Open lefnire opened 3 years ago

lefnire commented 3 years ago

Looks like AuthJWT loads config one time, then sets that secret_key to be used for later fetch via self._get_secret_key()

class Settings(BaseModel):
    authjwt_secret_key: str = SECRET

@AuthJWT.load_config
def get_config():
    return Settings()

A pattern I've seen in tutorials to invalidate other devices after a user changes their password (if they got hacked, or just want to be on the safe side) is this. refresh_token is encoded and decoded using secret_key=f"{SERVER_SECRET}-{user.hashed_password}". Then since the latter is different post password-change, the hacked refresh_token will throw a decode error. I think the same can be done for access_token, but maybe less critical since they can expire quickly?
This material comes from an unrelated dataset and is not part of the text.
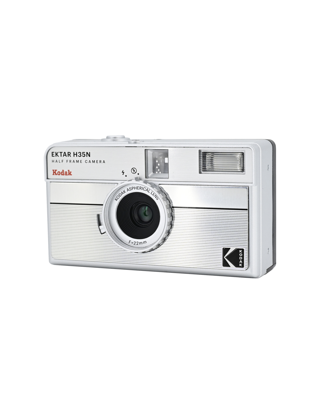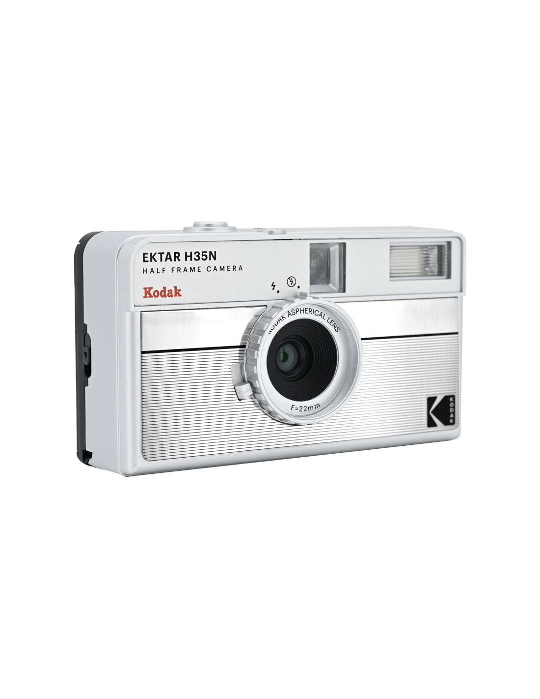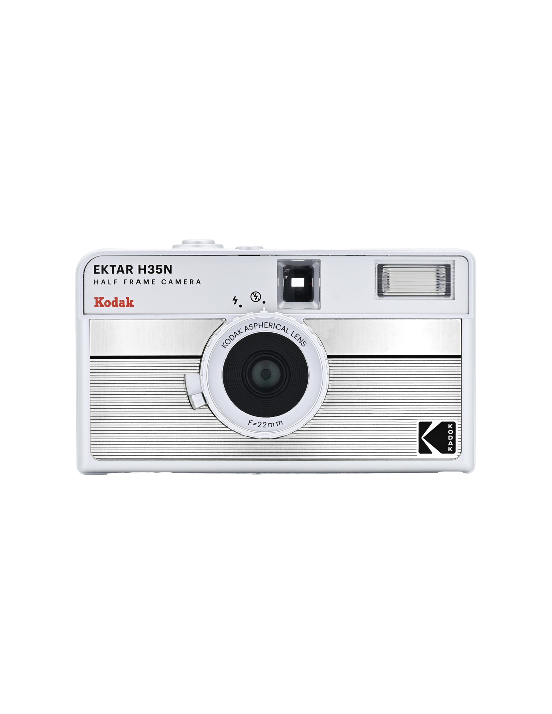 Det nye, forbedrede H35N-kamera har flere spændende funktioner, f.eks. et indbygget stjernefilter, en bulb-lukker, stativhul og en delvis glaslinse med coating.Half frame betyder, at hver eksponering er halvt så stor som en standardramme, hvilket resulterer i en mindre billedstørrelse, hvilket betyder, at du får 72 billeder på en 36-rulle og 48 billeder på en 24-rulle. Når du kigger gennem søgeren, ser du et lodret billede i stedet for et vandret, som du normalt gør.På det nye kamera har Kodak forbedret den optiske linse, og et element af akryllinsen er erstattet med en glaslinse, der hjælper med at forbedre billedets skarphed. Kameraet kommer også med et indbygget stjernefilter, der skaber en fire-strålet flare på lyspunkter.H35N er udstyret med en bulb-lukker og kabeludløser, som giver præcis kontrol over eksponeringstiden, hvilket gør det muligt at optage bevægelsesspor og gør det nemmere at bruge kameraet i svagt lys. Derudover er der indbygget et stativstik i kameraets base.Kameraet fås i seks stilfulde udgaver: stribet sort, stribet sølv, stribet grøn, glaseret blå, glaseret orange og glaseret pink.**NøglespecifikationerForbedret optikIndbygget stjernefilterPære-funktionRaffineret søger og tilbagespolingsknapStativFås i seks stilfulde udgaverFlash

Anyway, would it be worth consideration to add a custom secret_key per Authorize.jwt_required() call, maybe an argument to that function? Or is there another way about this you can think of, eg adding the hashed password as a claim (is that insecure? I'm thinking it gets double-hashed here?)

IndominusByte commented 3 years ago

well if you adding a password as a claim is that insecure because the user or attacker can see the raw token in jwt.io, if you consider about double hashed you can use the Asymmetric Algorithm which uses a public-private key to hash the token, and for a custom secret key you can add when you create the token because in protected endpoint function is that dynamic decode token

lefnire commented 3 years ago

Thanks for the response, I'll scrap the claims idea then & think about Asymmetric.

for a custom secret key you can add when you create the token because in protected endpoint function is that dynamic decode token

I'll chew on this a bit. I think custom key is the right way, so I'll see if there's a solution here.

IndominusByte commented 3 years ago

maybe in the next version, I'll be considering your idea and do some research about it, thank you 😄🙏

lefnire commented 3 years ago

Thank you!

florianabel commented 1 year ago

Hey everybody, since I am currently faced with implementing a refresh pattern and how to do it best (Using fastapi-user, maybe fastapi-jwt-auth, other options) I was wondering if this is still being considered or how the status in general is?